__SOURCE INFORMATION__
┄┄┄┄┄┄

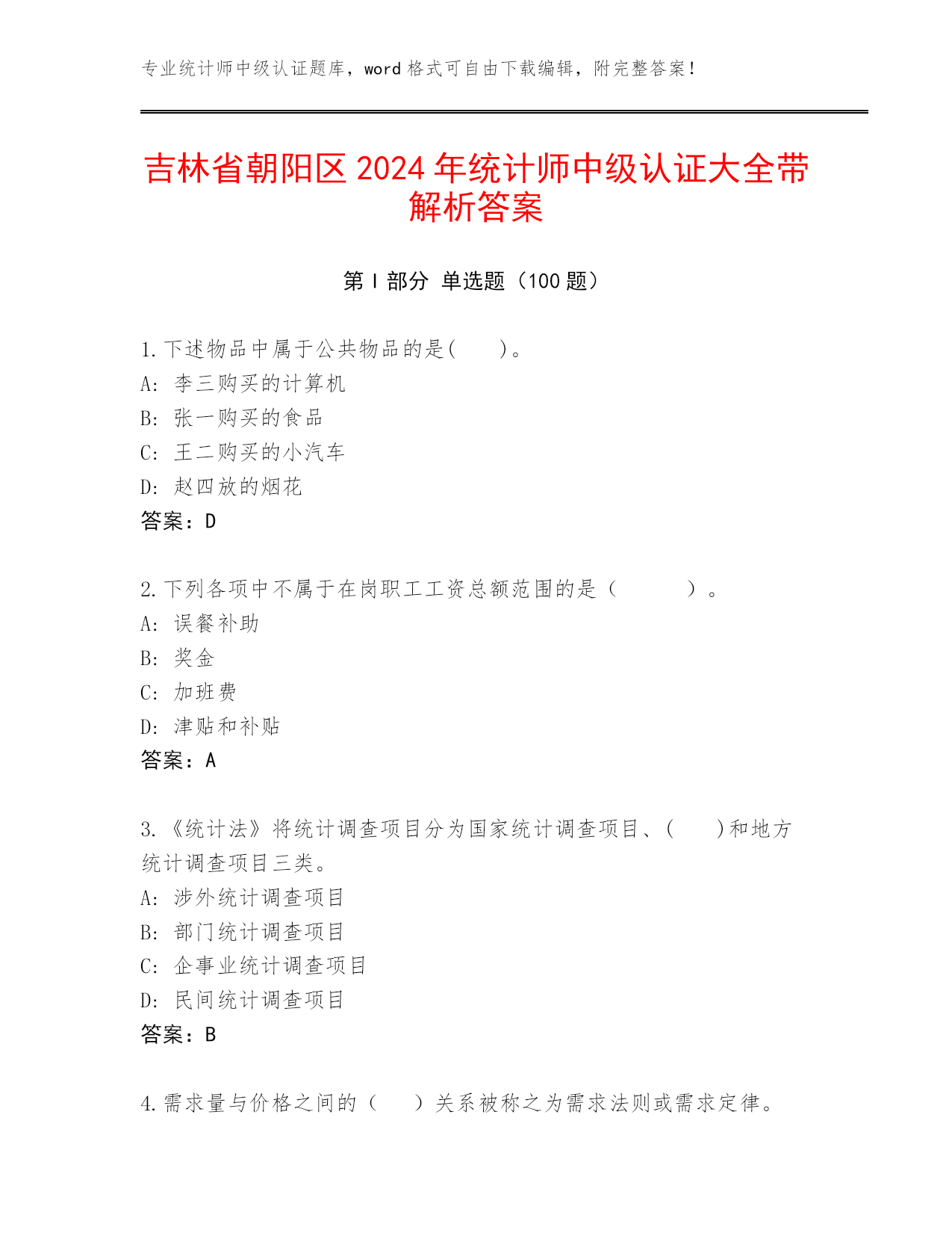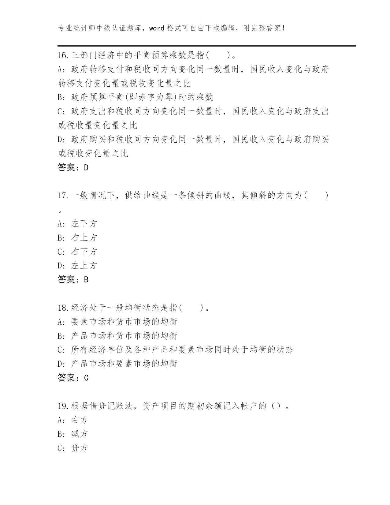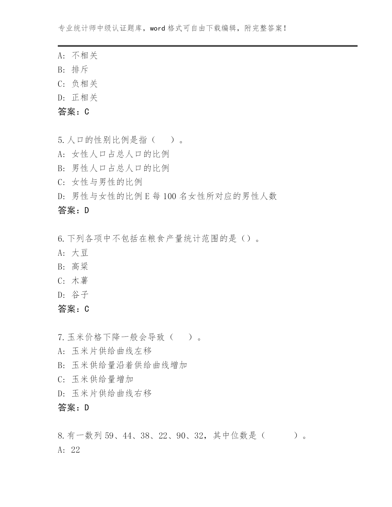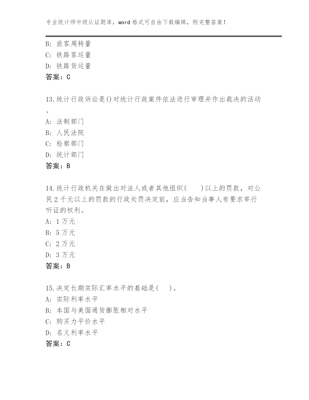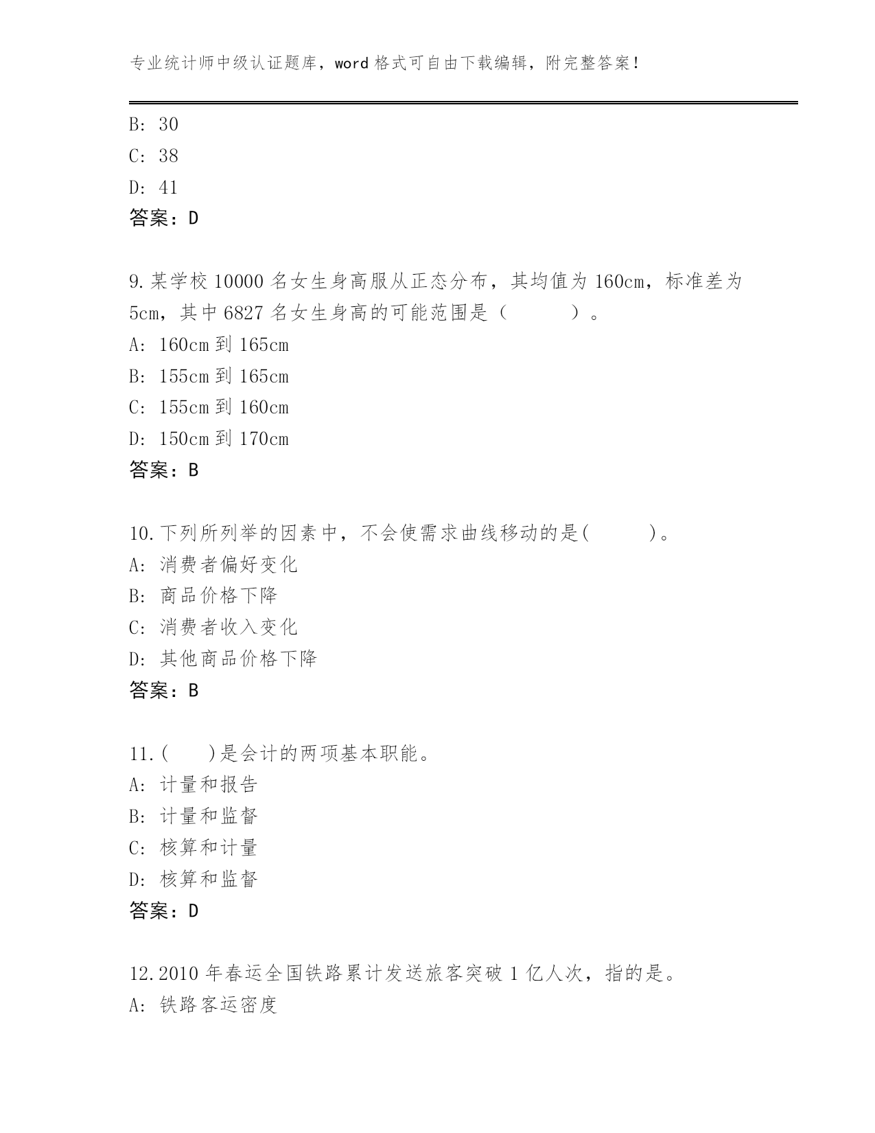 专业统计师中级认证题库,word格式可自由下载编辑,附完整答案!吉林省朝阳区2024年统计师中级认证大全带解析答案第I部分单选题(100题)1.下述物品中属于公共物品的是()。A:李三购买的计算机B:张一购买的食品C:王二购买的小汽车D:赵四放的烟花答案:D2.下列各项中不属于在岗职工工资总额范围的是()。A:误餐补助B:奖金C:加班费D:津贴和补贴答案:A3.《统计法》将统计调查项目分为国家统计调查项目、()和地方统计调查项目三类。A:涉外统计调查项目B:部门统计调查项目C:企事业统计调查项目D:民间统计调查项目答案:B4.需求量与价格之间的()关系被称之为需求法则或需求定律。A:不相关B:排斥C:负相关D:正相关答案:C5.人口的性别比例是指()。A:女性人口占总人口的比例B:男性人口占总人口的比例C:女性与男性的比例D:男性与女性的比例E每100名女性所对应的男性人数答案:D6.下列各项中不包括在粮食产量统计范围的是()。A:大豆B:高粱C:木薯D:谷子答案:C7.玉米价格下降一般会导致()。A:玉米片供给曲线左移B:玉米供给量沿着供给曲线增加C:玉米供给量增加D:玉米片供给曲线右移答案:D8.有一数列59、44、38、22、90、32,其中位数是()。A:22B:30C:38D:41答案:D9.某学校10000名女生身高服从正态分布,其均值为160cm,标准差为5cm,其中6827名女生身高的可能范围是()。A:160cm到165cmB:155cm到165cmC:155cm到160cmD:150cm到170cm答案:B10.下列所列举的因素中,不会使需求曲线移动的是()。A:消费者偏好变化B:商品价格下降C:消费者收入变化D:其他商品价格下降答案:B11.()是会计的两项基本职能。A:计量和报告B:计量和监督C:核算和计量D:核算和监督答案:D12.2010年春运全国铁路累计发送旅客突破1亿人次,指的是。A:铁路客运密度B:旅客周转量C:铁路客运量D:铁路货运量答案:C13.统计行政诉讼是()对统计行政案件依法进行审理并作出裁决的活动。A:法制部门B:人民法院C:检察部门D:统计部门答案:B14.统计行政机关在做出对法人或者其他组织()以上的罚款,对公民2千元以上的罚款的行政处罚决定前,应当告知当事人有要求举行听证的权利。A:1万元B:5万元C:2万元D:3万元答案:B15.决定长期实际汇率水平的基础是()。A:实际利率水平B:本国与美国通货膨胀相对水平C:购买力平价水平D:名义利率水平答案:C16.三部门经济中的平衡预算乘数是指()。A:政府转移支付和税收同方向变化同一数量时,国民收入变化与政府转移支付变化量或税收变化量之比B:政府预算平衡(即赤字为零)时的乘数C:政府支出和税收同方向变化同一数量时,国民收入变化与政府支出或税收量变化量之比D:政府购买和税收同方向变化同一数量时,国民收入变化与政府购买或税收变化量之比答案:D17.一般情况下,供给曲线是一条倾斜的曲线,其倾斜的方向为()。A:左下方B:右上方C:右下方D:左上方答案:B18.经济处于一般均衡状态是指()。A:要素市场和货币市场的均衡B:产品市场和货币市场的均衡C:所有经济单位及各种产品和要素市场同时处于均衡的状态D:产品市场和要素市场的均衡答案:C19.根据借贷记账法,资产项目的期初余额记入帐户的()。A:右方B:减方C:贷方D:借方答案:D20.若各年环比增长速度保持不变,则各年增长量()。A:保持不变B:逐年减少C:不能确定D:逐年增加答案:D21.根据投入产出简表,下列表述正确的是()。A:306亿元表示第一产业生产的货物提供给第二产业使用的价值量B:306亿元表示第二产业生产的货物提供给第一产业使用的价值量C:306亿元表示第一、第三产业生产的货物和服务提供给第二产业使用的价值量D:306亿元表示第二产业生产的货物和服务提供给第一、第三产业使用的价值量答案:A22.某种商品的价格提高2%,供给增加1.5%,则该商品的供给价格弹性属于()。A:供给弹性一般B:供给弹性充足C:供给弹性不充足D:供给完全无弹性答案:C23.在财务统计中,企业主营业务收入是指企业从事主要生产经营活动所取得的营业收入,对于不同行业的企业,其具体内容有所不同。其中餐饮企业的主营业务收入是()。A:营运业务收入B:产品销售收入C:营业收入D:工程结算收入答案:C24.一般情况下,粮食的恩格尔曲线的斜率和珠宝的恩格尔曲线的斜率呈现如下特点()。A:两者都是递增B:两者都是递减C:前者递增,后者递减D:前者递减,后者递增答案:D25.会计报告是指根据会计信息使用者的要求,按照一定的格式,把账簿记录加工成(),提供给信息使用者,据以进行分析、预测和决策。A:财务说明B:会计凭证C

┄┄┄┄┄┄

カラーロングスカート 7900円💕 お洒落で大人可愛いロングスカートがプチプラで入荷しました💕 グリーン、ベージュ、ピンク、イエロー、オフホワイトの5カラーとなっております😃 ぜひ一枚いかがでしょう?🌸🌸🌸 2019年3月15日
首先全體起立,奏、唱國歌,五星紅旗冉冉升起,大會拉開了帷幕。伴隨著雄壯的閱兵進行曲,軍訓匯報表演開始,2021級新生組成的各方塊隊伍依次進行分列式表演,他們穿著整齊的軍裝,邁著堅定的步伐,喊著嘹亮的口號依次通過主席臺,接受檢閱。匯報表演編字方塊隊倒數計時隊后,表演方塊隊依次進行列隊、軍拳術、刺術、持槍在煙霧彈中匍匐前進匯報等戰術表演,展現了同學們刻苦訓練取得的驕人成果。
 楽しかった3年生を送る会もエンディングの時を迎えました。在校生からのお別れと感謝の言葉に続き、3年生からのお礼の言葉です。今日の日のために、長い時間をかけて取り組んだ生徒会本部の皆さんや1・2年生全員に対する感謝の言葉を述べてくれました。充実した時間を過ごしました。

┄┄┄┄┄┄

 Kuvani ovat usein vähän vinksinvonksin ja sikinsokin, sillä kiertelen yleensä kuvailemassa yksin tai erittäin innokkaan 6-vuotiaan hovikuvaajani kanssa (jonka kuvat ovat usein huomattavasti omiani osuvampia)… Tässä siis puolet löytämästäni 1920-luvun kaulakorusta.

┄┄┄┄┄┄

__WHAT IS REQUIRED__
Retype word for word everything in the listing above from the line that holds "首先全體起立,奏、唱國歌,五" down to the line that holds "楽しかった3年生を送る会もエ". Keep both end lines and leave out the rest.

__OUTPUT OF THE EXERCISE__
首先全體起立,奏、唱國歌,五星紅旗冉冉升起,大會拉開了帷幕。伴隨著雄壯的閱兵進行曲,軍訓匯報表演開始,2021級新生組成的各方塊隊伍依次進行分列式表演,他們穿著整齊的軍裝,邁著堅定的步伐,喊著嘹亮的口號依次通過主席臺,接受檢閱。匯報表演編字方塊隊倒數計時隊后,表演方塊隊依次進行列隊、軍拳術、刺術、持槍在煙霧彈中匍匐前進匯報等戰術表演,展現了同學們刻苦訓練取得的驕人成果。
 楽しかった3年生を送る会もエンディングの時を迎えました。在校生からのお別れと感謝の言葉に続き、3年生からのお礼の言葉です。今日の日のために、長い時間をかけて取り組んだ生徒会本部の皆さんや1・2年生全員に対する感謝の言葉を述べてくれました。充実した時間を過ごしました。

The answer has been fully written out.